In a conference call to discuss 2012 fourth-quarter earnings, the Illinois-based fertilizer producer said it expects to start work on both projects by this summer.
The company plans to invest $3.8bn (€2.9bn) to expand their plants in Donaldsonville, Lousisiana, and Port Neal, Iowa, which could increase nitrogen volumes by 25% to 8.5m tons (7.7m tonnes) by 2016.“We’re off to a fast start on our capacity expansion projects. I’m pleased to report that we have applied for our air permits in both Louisiana and Iowa. And as of February 15, a total of $480m has been spent on or committed to these two projects,” said chairman and CEO Stephen Wilson.
“For all of 2013, we expect to invest between $1bn and $1.3bn on capital expenditures for these projects, in addition to the $450m we expect to spend on normal maintenance and existing plant investments.”
CF officials predict that at least 35% of the upgrades could be completed by the close of 2013, with the company focused on an accelerated schedule in order to build future inventories.

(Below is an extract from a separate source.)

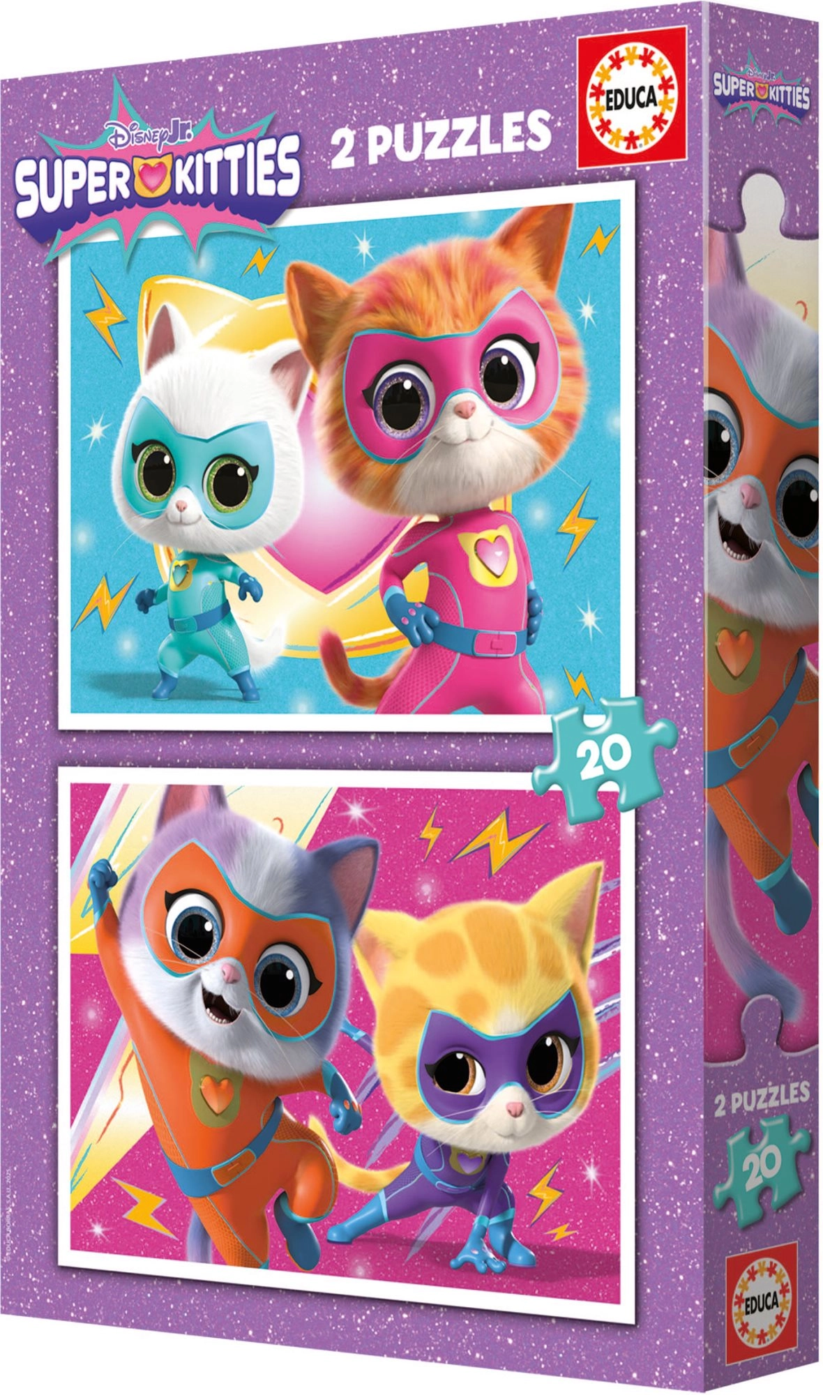 Découvrez la magie des puzzles avec les héros de la série Super Kitties. L’emballage contient deux puzzles séparés avec le même nombre de pièces et le même format final. Grâce aux 20 pièces par puzzle, ils sont idéaux pour les enfants qui souhaitent améliorer leur concentration et leur motricité fine.
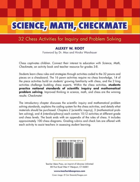 This book helps educators and librarians prepare students to succeed in University Interscholastic League (UIL) Chess Puzzle. Students learn chess rules and strategies through activities coded to the 32 pawns and pieces on a chessboard. The 16 pawn activities require no chess knowledge, 14 of the piece activities build on students' growing familiarity with chess, and the 2 king activities challenge budding chess experts. Within the chess activities, students practice national standards of scientific inquiry and mathematical problem solving. Improved thinking in science, math, and chess are the winning results: Checkmate! The introductory chapter discusses the scientific inquiry and mathematical problem solving standards, explains the coding system for the chess activities, and details what materials should be purchased. Chapters 2 (scientific inquiry), 3 (mathematical problem solving), and 4 (inter-disciplinary) each contain 10-12 activities at different grade and chess levels. The book ends with an appendix of the rules of chess. It includes approximately 100 chess diagrams. Grading rubrics and check lists are offered with each activity to assist teachers in assessing student learning.

“We’re on a very aggressive timetable,” said Wilson. “We want to bring these projects on line as quickly as we can.”
Like many in the industry, CF officials are optimistic about North American spring crops, primarily corn, as they feel farmers will strive for maximum yields resulting in full utilisation rates of crop nutrients, primarily nitrogen products if drought conditions persist through the growing season.
Company officials estimate the upcoming corn crop would be 97m acres (39m ha), with a forecast yield of 160 bushels/acre.
“Crop economics around the world support our expectations for a great 2013. Tight stocks-to-use ratios and the resulting high crop prices, especially for corn, are expected to cause farmers across North America, Europe, Ukraine and China to plant large acreage to grains,” Wilson said.
“This should result in strong domestic demand for nitrogen in all its forms. We saw that demand reflected in ammonia shipments this past [autumn], and demand this spring should continue to support ammonia pricing.”
Wilson said several factors are contributing to the current nitrogen market conditions, including a lack of urea ammonium nitrate (UAN) imports, lower domestic production and lower-than-normal inventories, which together add up to create the tight supply picture for the first half of 2013.